The government could draw only Tk8bn from saving instruments, which was simply half of target after revise, says an official report.
According to the report the instruments released by the government were less attractive to the people than banks’ deposit schemes and stock market.
This failure of saving instruments led the government to heavily borrow from the banking sector.
Finance Ministry’s cash and management committee unveiled this provisionary report on domestic borrowing and cash position during the just concluded fiscal year 2012-13.
Borrowing target from saving instruments was revised to Tk16.16bn from Tk74bn in the fiscal.
A finance official cited people’s tendency to keep money in hand rather than investing in saving schemes during political turmoil and election year as one of reasons behind the failure.
Besides, the instruments were less attractive to the people, he said.

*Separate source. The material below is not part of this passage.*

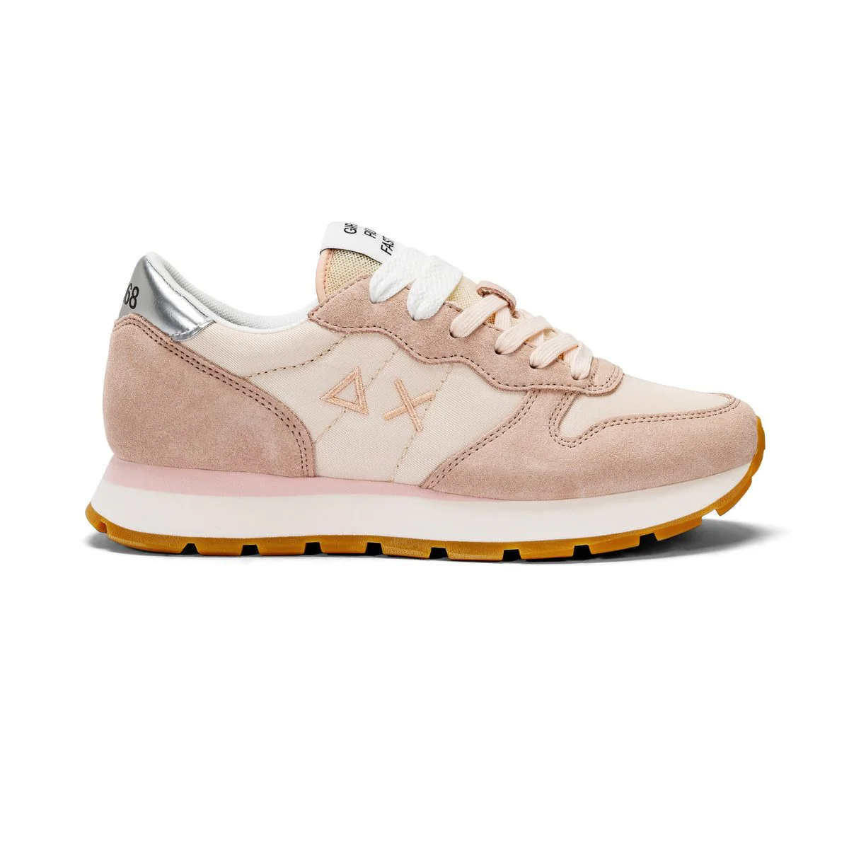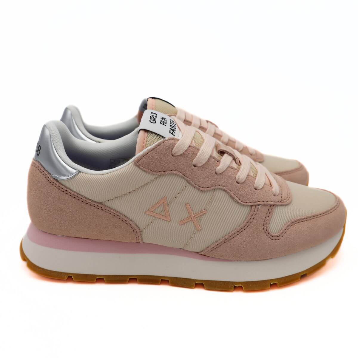 Sneaker, da donna, di SUN68. Tomaia realizzata in tessuto rosa cipria con inserti in camoscio, tallone argento laminato. Interno e sottopiede, removibile, foderati in tessuto. Chiusura con lacci (lacci colorati in dotazione). Suola running in gomma.

“We proposed to increase interest rate and offer tax rebate at sources. The proposals were taken into account,” the official alleged.
In the current context, there are more likeliness to get more profit investing in stock market and participating in banks’ deposit schemes than buying government saving instruments.

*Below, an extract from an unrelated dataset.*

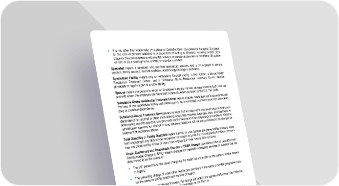 106 • It is not, other than incidentally: (1) a place for Custodial Ca re; (2) a place for the aged; (3) a place for the care of persons addicted to or dependent on a drug or chemical, including alcohol; (4) a place for the care of persons with mental, nervous, or emotional disorders or conditions; (5) a place of rest; or (6) a nursing home, a hotel, or a similar institution. Specialist means a physician who provides specialized services, and is not engaged in general practice, family practice, internal medicine, obstetrics/gynecology or pediatrics. Specialized Facility means only an Ambulatory Surgical Facility, a Birth Center, a Mental Health Residential Treatment Center, and a Substance Abuse Residential Treatment Center; whether physically or lega lly a part of another facility. Spouse means the person to whom an Employee is legally married, as determined by both state law and with whom the employee can file a joint income tax return pursuant to the U.S. Tax Code. Substance Abuse Residential Treatment Center means a facility that i s licensed in accordance with the laws of th e appropriate legally authorized agency as a residential treatment center for alcoholism, drug or chemical dependence . Substance Abuse Treatment Services are services that are required to treat psychological or physical dependence on alcohol or other mind - altering drugs that requires diagnosis, care, and treatment. In determining benefits payable, charges made for the treatment of any physiological conditions related to rehabilitation services for alcohol or drug abuse or addiction will not be considered to be charges for treatment of substance abuse. Total Disability or Totally Disabled means that you or your Spouse are prevented by illness or injury from engaging in any duty of your occupation for wages or profit. For your dependent child ren , it means they are prevented by illness or injury from engaging in their normal daily activities. Usual, Customary and Reasonable Charges or UC&R Charges (sometimes referred to as Maximum Reimbursable Charge or MRC) mean s charges for medically necessary se rvices or supplies that are d etermined to be the lowest of: • The 90 th percentile of the usual charge by the health care provider for the same or similar service or supply; • The prevailing charge of most other health care providers in the same or similar geog raphic area for the same or similar health care service or supply; • With respect to a Preferred Provider, the charge set forth in the agreement between the Preferred Provider and the Preferred Provider Organization or the Plan; or • The health care provider’s actual charge. You and your means the employee/participant who is eligible for coverage under the terms of the plan and who can enroll his or her Spouse and/or eligible dependent children.

“Without making lucrative offers, the government could not increase raising fund from saving instruments,” Mustafa K Mujeri, Director General of Bangladesh Institute of Development Studies (BIDS).
He criticised the government’s dependence on bank borrowing to meet fiscal expenditures as it shrinks private sector investment and rises inflation.

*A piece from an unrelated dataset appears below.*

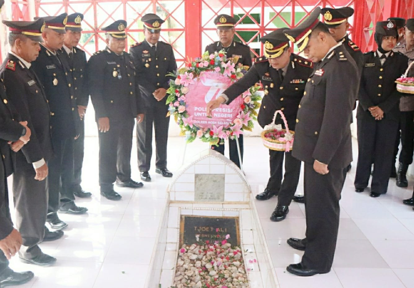 LENSAPOST.NET– Menjelang Hari Bhayangkara ke-77 tahun 2023, Polres Aceh Selatan melaksanakan Ziarah dan Tabur bunga di Makam Pahlawan T Cut Ali Desa Suaq Bakung Kecamatan Kluet Selatan Aceh Selatan, Senin 26 Juni 2023.

In the fiscal, the non-bank borrowing target was Tk105bn, including Tk74bn from saving instruments. After revise, the target was cut to Tk47bn and till June 23, the government’s non-bank borrowing totalled Tk39bn or 83% of the revised target.
In the budget, borrowing target from banking sector was announced Tk230bn. After revise, the government raised it to Tk285bn. But at the end of fiscal, bank borrowing stood at Tk252bn or 88% of revised target.
Thus, the total borrowing target from domestic sectors- bank and non-bank- was Tk332bn after revising the budget figure of Tk335bn. At the end of fiscal, total borrowing stood at Tk291bn or 88% of the revised target, the report says.
“It is not comfortable that the government could not reach its borrowing target,” said a finance division official who is also a member of Cash and Debt Management Committee.
It may be mentioned that the collection of money from treasury bills was 100% of target in the fiscal and that from bond even crossed the target. The target from treasury bills was Tk61bn, and after revise, Tk93bn while target from bonds was Tk184bn which was revised to Tk207bn and Tk212bn was collected.